My dad? He didn’t really get it. He had to learn from his girlfriend because he sure as fuck didn’t listen to me when I explained it.
And he’d constantly ask about it, which didn’t bother me too much because I figured he was still confused.
Then he started to dead name me.
MY ENTIRE LIFE, I was ALWAYS referred to with a gender neutral nickname. NEVER my first because I never liked my name. I hated it. I used to be called Nikki, now I just go by Nick or Nicholas :) Cause I love that name.
HE.
In front of his LGBTQ+ friendly girlfriend.
referred to me with my FULL NAME.
And he did this TWICE.
I was too afraid to confront him, but his gf sure as fuck wasn’t. She was PISSED.
She put an end to that.
But things got worse after I sought out therapy to see if I qualified for HRT, Hormone Replacement Therapy.
And I did.
My dad only got more angry when he saw the letter from my therapist saying I had Gender Dysphoria and that he recommend I take HRT.
He would, from then on,, badger me about my clothes, claiming it’s what 12 year old boys wear.

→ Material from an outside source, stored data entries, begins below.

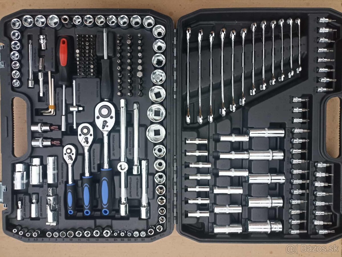 gola sada 216dielna očko vidlicove kluče nástrčkové kľúče nastrčené kľúče, nástrčkové kľúče 1/4, bity Torx imbus, skrutkovač 1/2 na nástrčkové orechy, adaptér 1/2, Račňa 1/2 a 1/4, predlžovací nadstavec, kĺbový adaptér
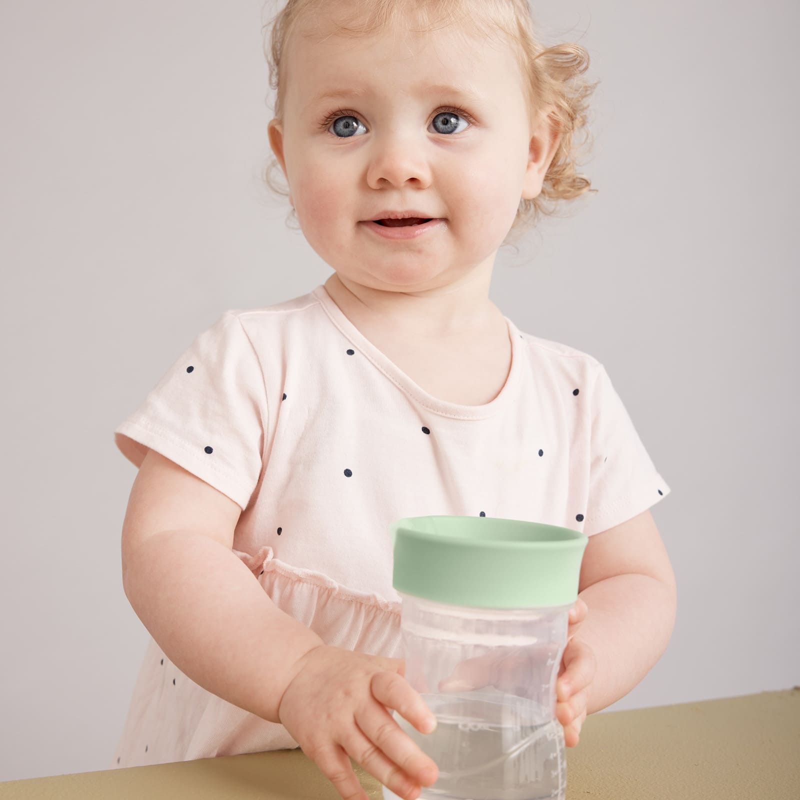 Der Training Rim Cup in der Farbe Sage wurde für Kinder ab 12 Monaten entwickelt und erleichtert den Übergang vom Fläschchen zum offenen Becher. Das durchdachte Free-Flow-System leitet die Flussigkeit kontrolliert zum Rand des Bechers, wodurch Kleckern reduziert wird und die Kleinen selbstbewusst trinken lernen.
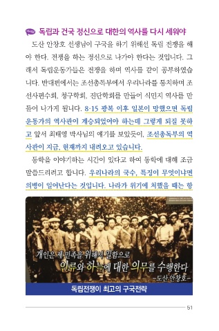 래서 독립운동가들은 전쟁을 하며 역사를 같이 공부하였습

Despite I paid the internet bill AND his cable bill, he’d get after me for unwinding by playing games.
He spent a fuck ton of money on a new mustang to tinker with to make a drag race car, but not a new air conditioning system for a 50+ year old house with no insulation. So while he was away, and the temperatures rose (It’s texas, it’s ALWAYS hot), I was sweating and trying to keep cool with ice packs and frozen towels. But none of THAT mattered, because I’m irresponsible for playing video games after all my work was completed.

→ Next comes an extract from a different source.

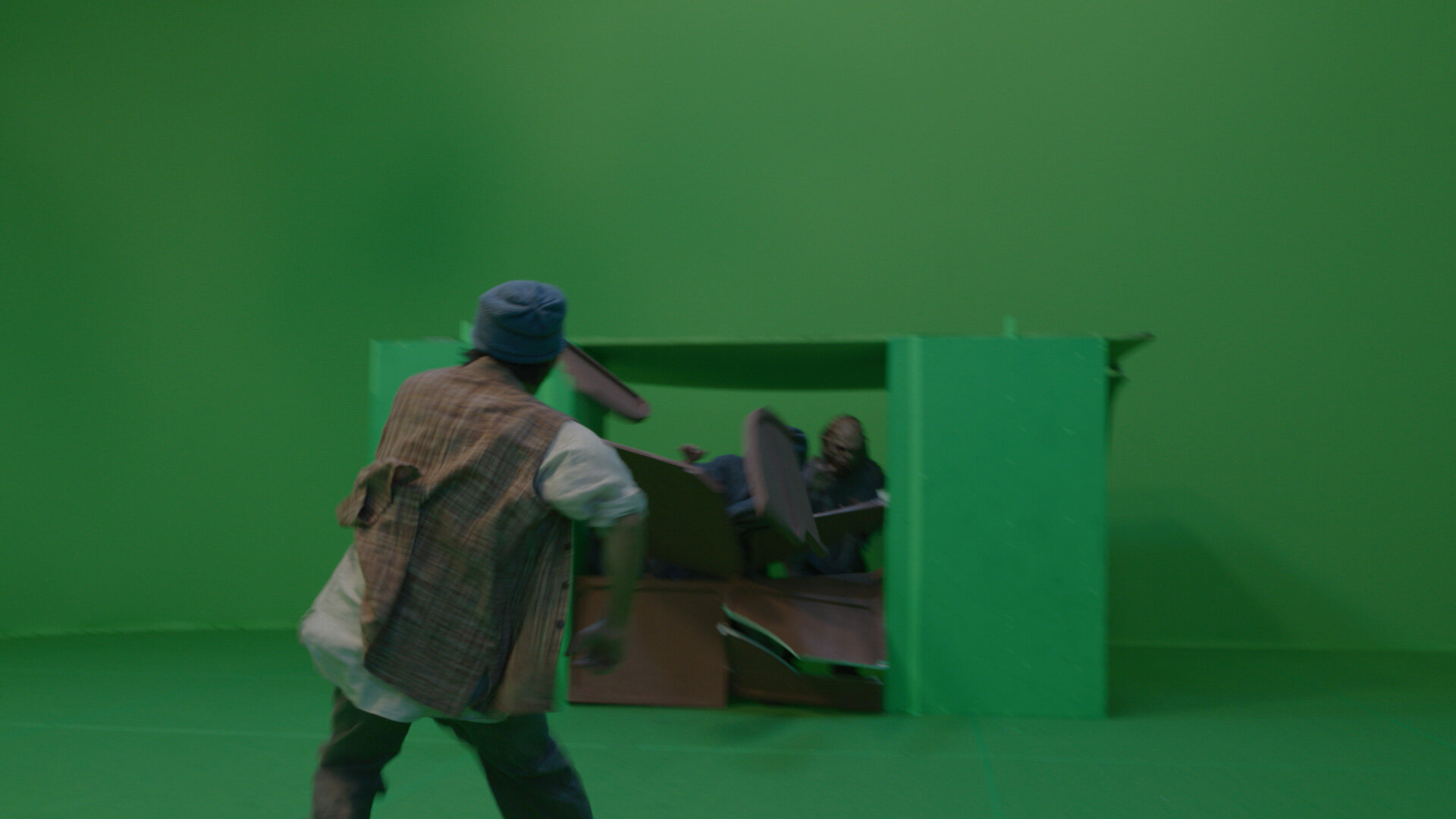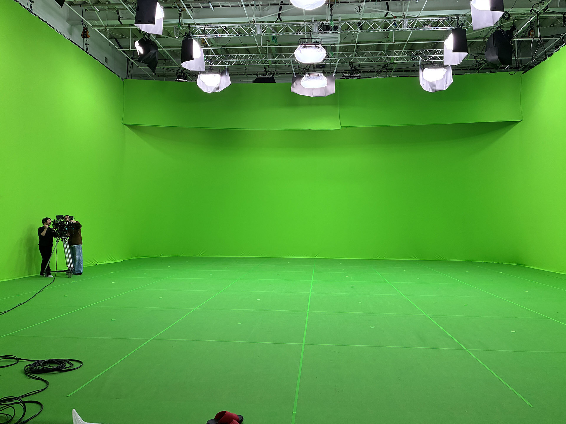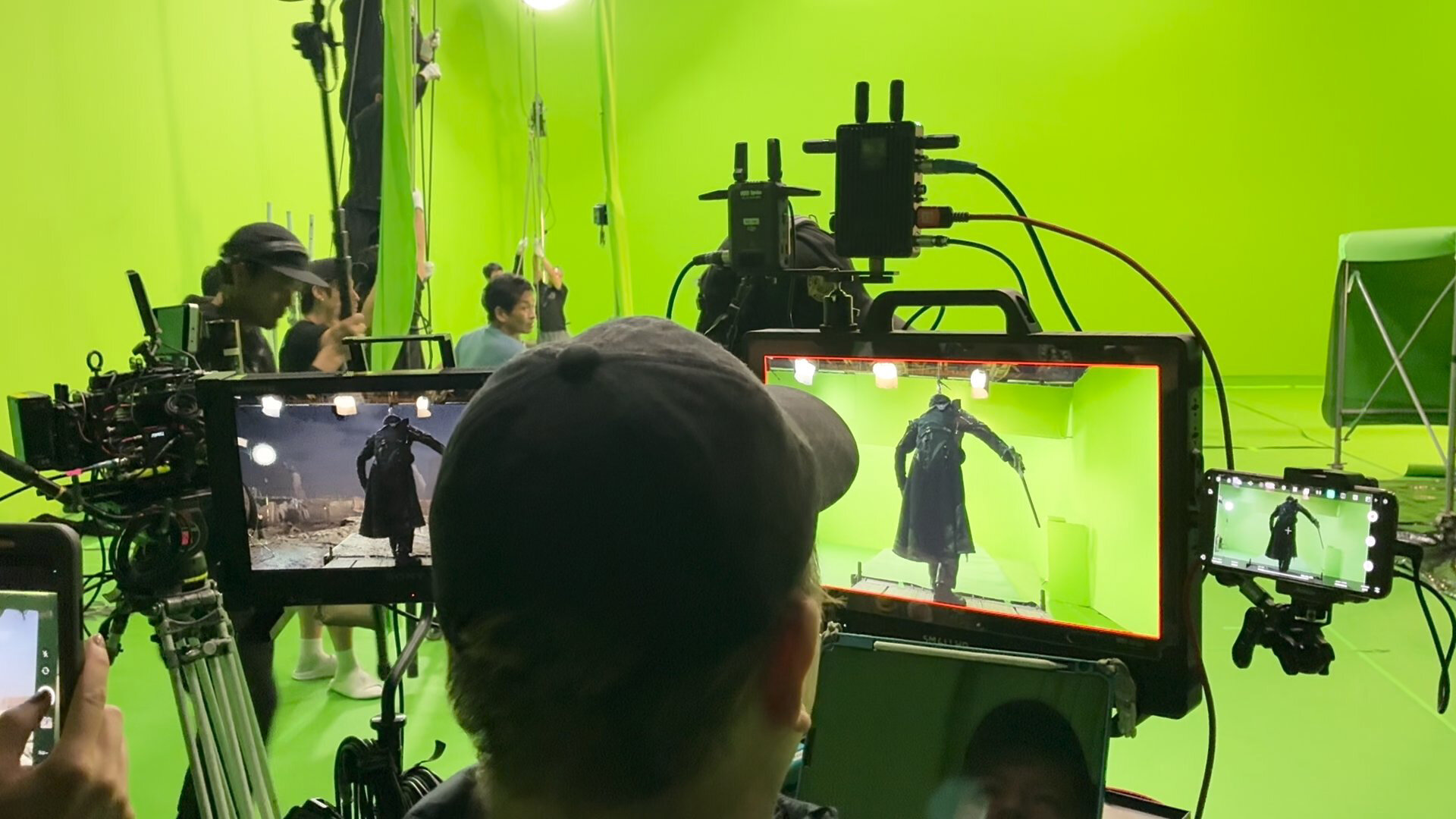 「LED方式では、LEDにピントを合わせると撮り方によってはモアレが発生する恐れがあります。さらに特撮アクションでは自由なカメラワークが理想なので、自ずとLEDウォールの範囲以上の画角が発生します。加えてリアルカメラの挙動とバーチャル背景とのレイテンシーがたとえわずかでも発生することも避けるにはGB方式が望ましいと考えました」(鹿角氏)。
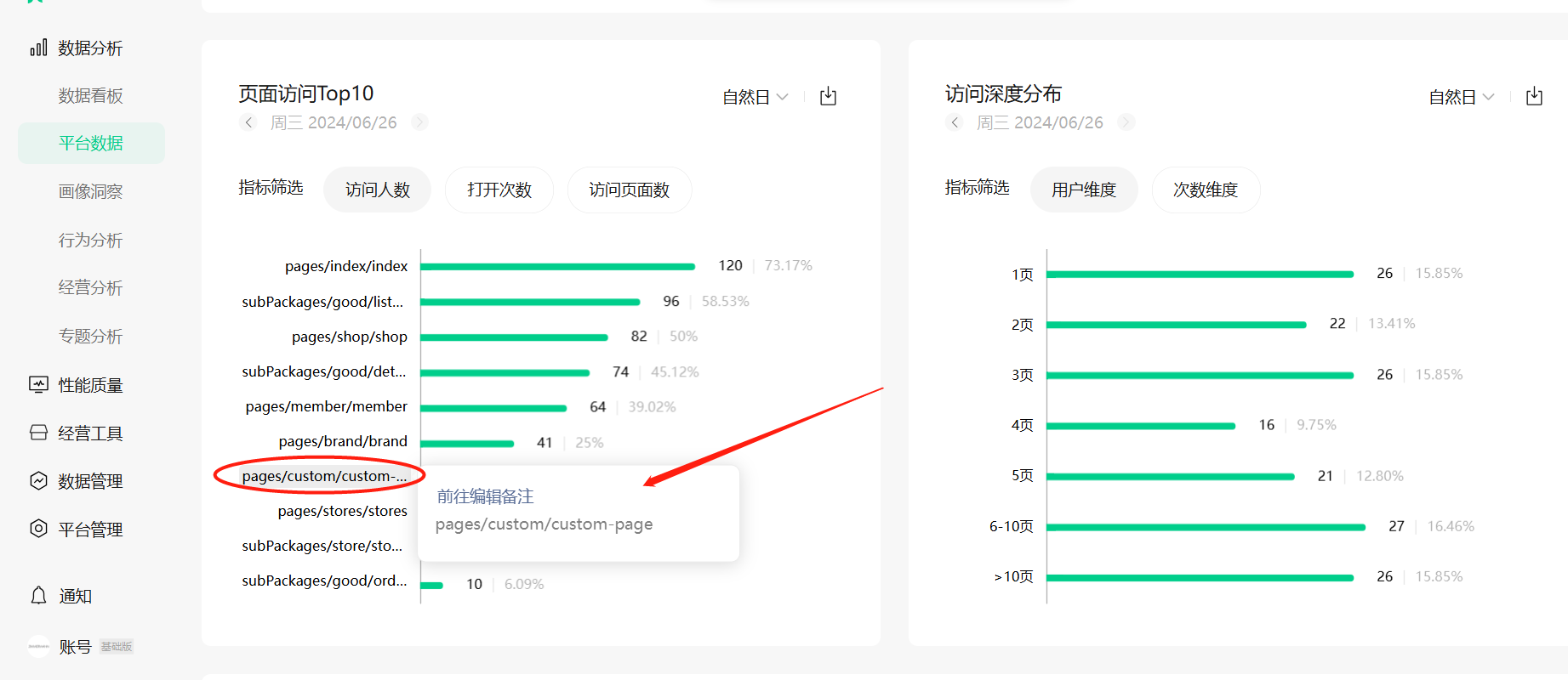 在平台数据的页面分析中,下拉到“页面访问TOP10”,其中的 pages/custom/custom-page 对应着小程序的自定义页面。但是只能看到一个总数,无法看到详细到不同的自定义页面的数据,是否有办法能看到更详细的数据?(包括 流量,以及自定义页内包含的产品跳转销量)?

I didn’t tell him I was starting a youtube channel in an attempt to bring in extra money, because I was only paid a little over 120 a week.
But he’s bitch about pretty much EVERY aspect of me.

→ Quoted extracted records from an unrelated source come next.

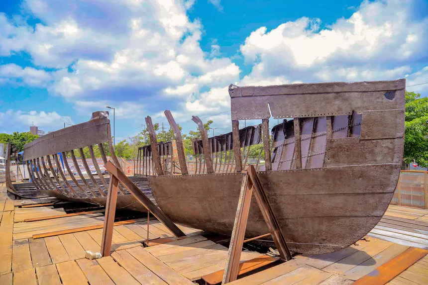 A embarcação metálica encontrada nas obras do Parque Linear da Nova Doca, em Belém, foi restaurada após um processo minucioso realizado entre fevereiro e julho deste ano. Atualmente, a peça passa por vistorias para identificar possíveis retoques na camada de revestimento antes de sua exposição ao público.
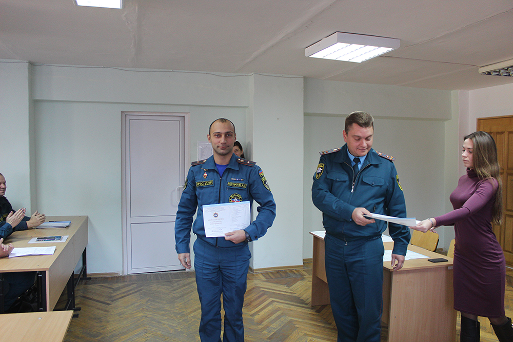 Сегодня, 22 ноября 2019 года, в учебном корпусе ГОУВПО «Академия гражданской защиты» МЧС ДНР состоялось мероприятие по вручению удостоверений о повышении квалификации по дополнительной профессиональной программе повышения квалификации руководящего состава по организации оперативно-служебной деятельности в подразделениях Государственной оперативно-спасательной службы, а также удостоверения о повышении квалификации по дополнительной профессиональной программе повышения квалификации руководителей и специалистов по вопросам гражданской защиты Государственной оперативно-спасательной службы. Всего с 28 октября повышение квалификации в Академии по указанным категориям прошли 19 сотрудников Министерства.
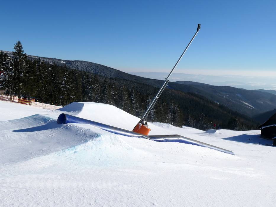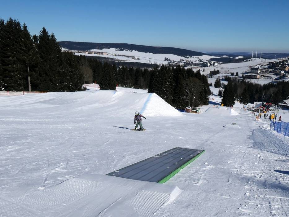 Der Snowpark in Neklid ist einer der ältesten in der Region und er bietet viele Hindernisse und Kicker.
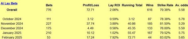 At +64 +72overall with another 10 17.2 points profit added in Nine days and 4 winning months from 4 over 735 Lays its easy to see why Ai Lays are so popular!

But I kept quiet, kept food in my room because I was too scared to leave my safe space in fear of him insulting me further.
I literally asked for help on hiding food online.
After 2 more years of college, I got my associate’s in education and moved onto university for my bachelor’s.
I still didn’t want the major. But I didn’t really feel like I had a choice.
But this class I took, Child/Adolescent development, helped me realize how HORRIBLE and ABUSIVE my dad is.
I learned in that class about emotional and verbal abuse, and the effects it had on children and adults.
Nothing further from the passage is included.